Mëhilli first competed in the women's giant slalom though placed 53rd, and then did not finish in the Women's slalom. Two days later, Tola competed in the men's giant slalom and placed 47th. He then placed 36th in the men's slalom. Thus, Albania has yet to win a Winter Olympic medal.

==Background==
The 2018 Winter Olympics were held in Pyeongchang, South Korea, from 9 to 25 February 2018. This edition marked the nation's fourth appearance at the Winter Olympics since its debut at the 2006 Winter Olympics in Turin, Italy. The nation had never won a medal at the Winter Olympics, with its best performance coming from alpine skier Erjon Tola placing 35th in the men's giant slalom at the 2006 Winter Games.

===Delegation and ceremonies===
Before the games, three athletes, namely Tola, Suela Mëhilli and Marsel Biçoku received Olympic scholarships for the preparations for the 2018 Winter Games. The Albanian National Olympic Committee aimed for the delegation to include either three or four athletes for the Winter Games, citing it would be their biggest Winter Olympic delegation. Tola had competed for the nation since the nation's debut while Mëhilli had competed at the last games. The final delegation was composed of two athletes, Tola and Mëhilli and their coach Marko Teroni.

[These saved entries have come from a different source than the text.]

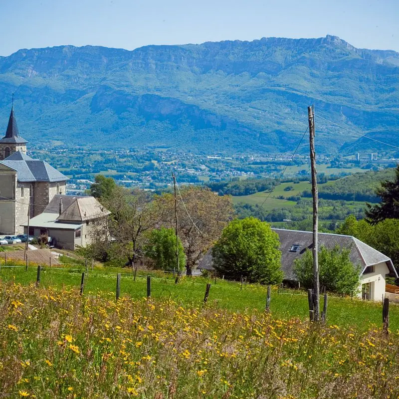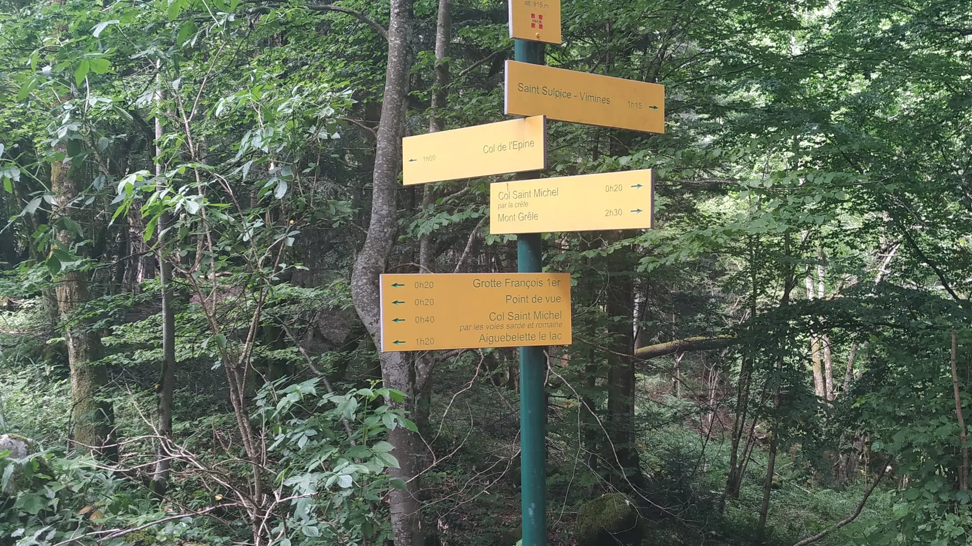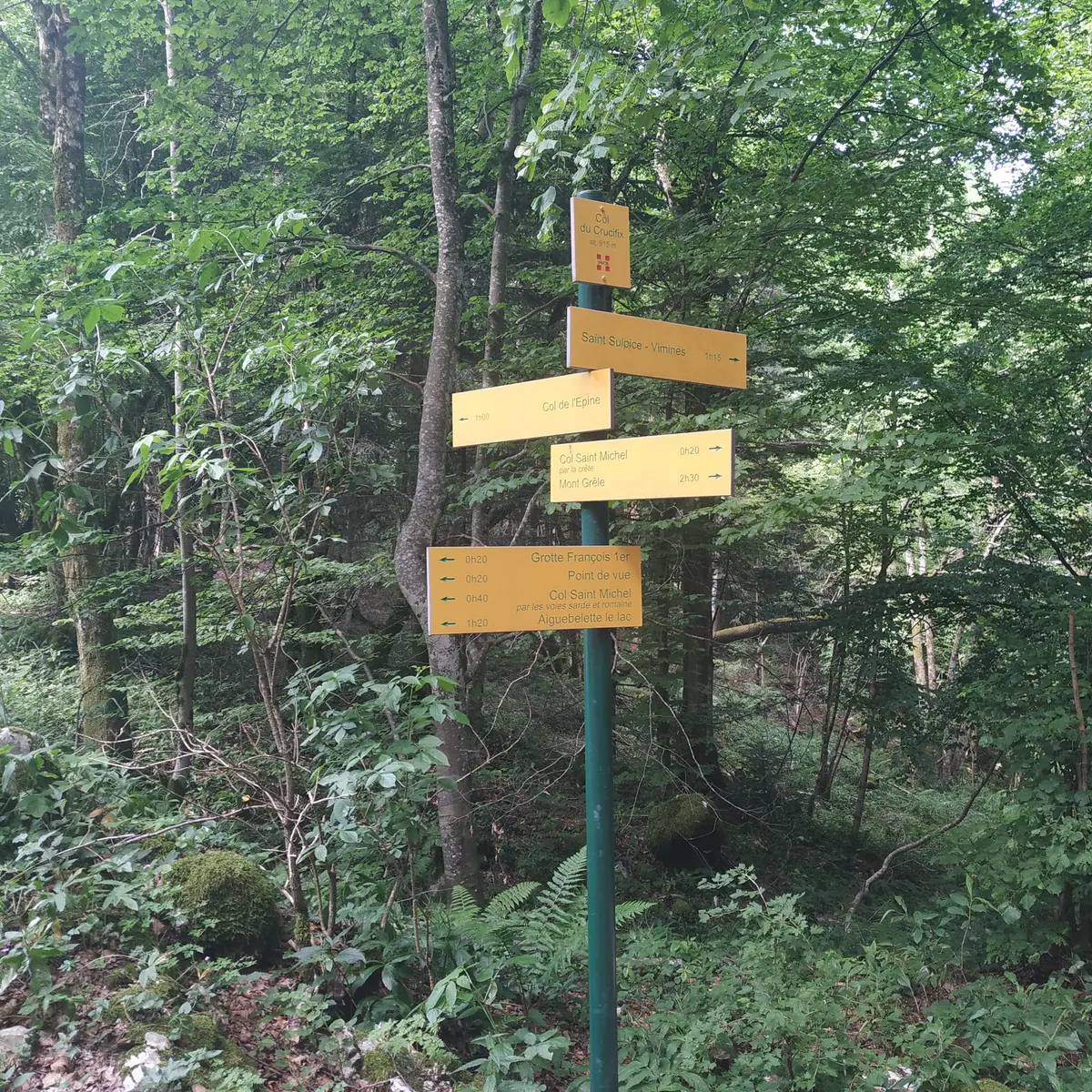 6/ Laissez les directions vers Aiguebelette et le Col du Crucifix pour emprunter à gauche le sentier balisé vers le Mont Grêle qui est indiqué à 1h40. L'itinéraire va passer aux Soualets.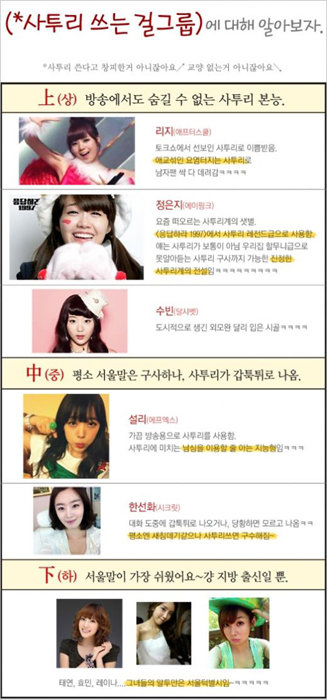 게시물에는 사투리 쓰는 걸그룹 멤버들을 상중하로 분류해 사진과 그 이유에 대해 나열해 놨다. 애프터 스쿨 리지, 에이핑크 정은지, 에프엑스 설리 등이 등장한다.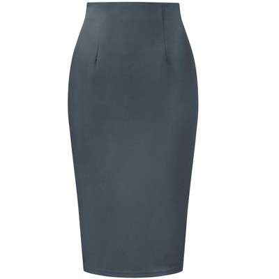 • Midi Length Skirt, Elastic Back, A-Line, Fly Button, and Zipper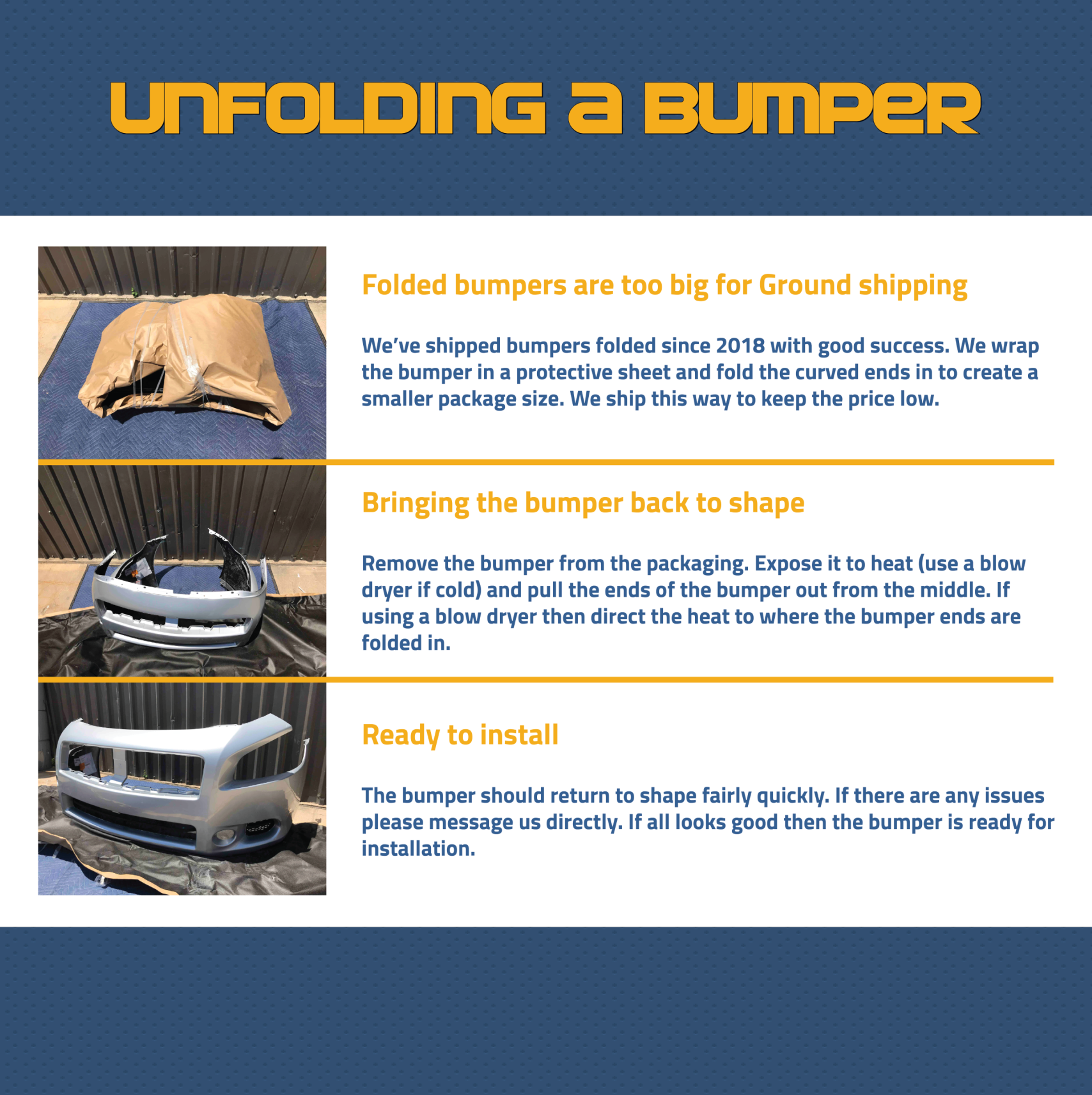 Kindly note that in order to ship our painted bumpers for free, said bumpers must be folded for transit. Our bumpers are made of thermoplastic material and can easily be reshaped to its original orientation. While in uncommon cases, this may cause some imperfections to the paint, this is the ideal method to delivering pre-painted bumpers while saving you expensive additional fees.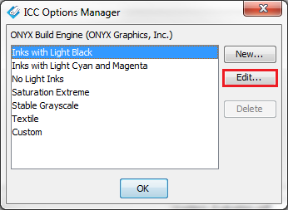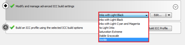 Edit - Clicking this button opens the"ICC Build Options" dialog (Figure 3). Clicking the down arrow opens the “ICC Options Manager” dialog where custom presets can be created. Click [New] to name and configure a custom ICC Build preset (Figure 4).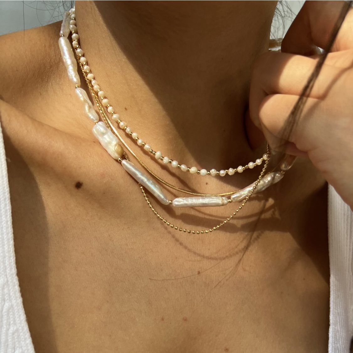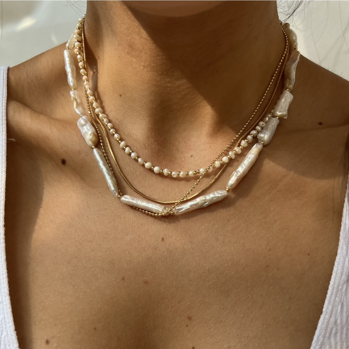 Layering de perla cultivada. Cadenas en chapa de oro de 18k. Largo 45 cm mas 5 de extensión.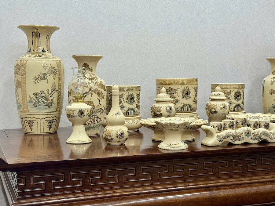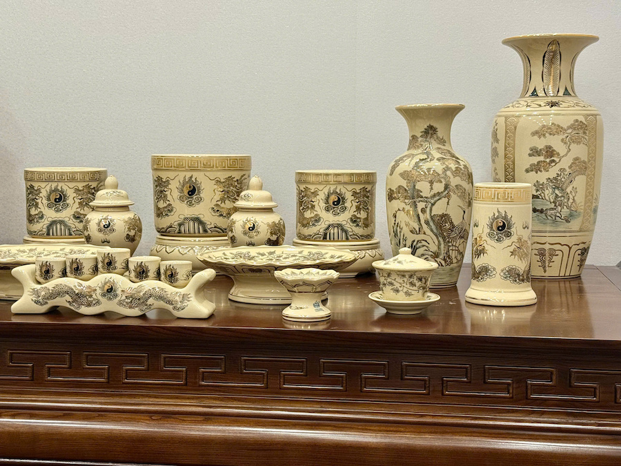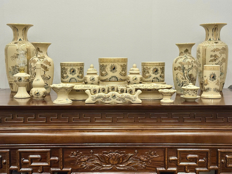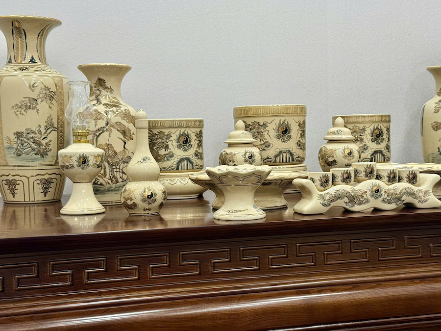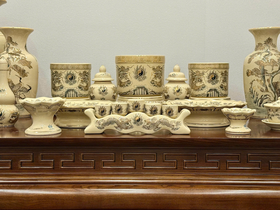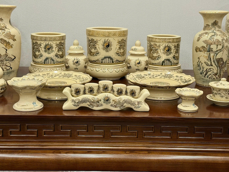 Bộ Đồ Thờ Hoạ Tiết Rồng Ban Thờ 1,75m Gốm Vẽ Vàng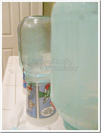 I put them upside down on some kid cups. This made it easier to paint on and the perfect place for the jars to dry. The closest jar in the photo above had just been brushed, where the one behind had already started to dry. I did 2 thin coats.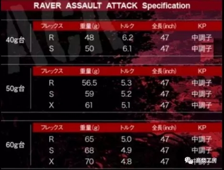 REVE的一号木杆身的任意重量、硬度都有4种颜色可选(灰、紫、蓝、粉,文中的实拍图是紫色和灰色杆身)。众多选择足以说明杆身的销量是多么好了。以下是球道木,铁木杆,铁杆杆身规格表:
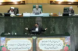 During his second term, Ahmadinejad experienced a power struggle with reformers and other traditionalists in Parliament and the Revolutionary Guard,[31] as well as with Supreme Leader Ali Khamenei,[32] over his dismissal of intelligence minister Gholam-Hossein Mohseni-Eje'i and his support for his controversial close adviser, Esfandiar Rahim Mashaei.[33] On 14 March 2012, Ahmadinejad became the first president of the Islamic Republic of Iran to be summoned by the Islamic Consultative Assembly (parliament) to answer questions regarding his presidency.[34][35] Limited to two terms under the current Iranian constitution, Ahmadinejad supported Mashaei's campaign for president.[31] In 2013, Hassan Rouhani was elected as Ahmadinejad's successor.

They trained in Italy as the nation does not have proper training skiing facilities.

The Albanian delegation came in 48th out of the 91 National Olympic Committees in the 2018 Winter Olympics Parade of Nations within the opening ceremony. Mëhilli solely held the flag for the delegation in the parade. At the closing ceremony, she held the flag again.
==Competitors==

List of Albanian competitors at the 2018 Winter Olympics
| Sport | Men | Women | Total |
|---|---|---|---|
| Alpine skiing | 1 | 1 | 2 |
| Total | 1 | 1 | 2 |

== Alpine skiing ==

Albania qualified two alpine skiers, one male and one female.

The alpine skiing events were held at the Yongpyong Alpine Centre. Mëhilli competed first for the nation, competing in the women's giant slalom on 15 February. Her first run recorded a time of 1:24.67 while her second was at 1:21.90. With a combined time of 2:46.57 she placed 53rd in the event, while the winner was Mikaela Shiffrin of the United States with a combined time of 2:20.02. She then competed in the women's slalom the following day though did not finish her first run and thus did not have a second run. The winner of the event was Frida Hansdotter of Sweden in a time of 1:38.63.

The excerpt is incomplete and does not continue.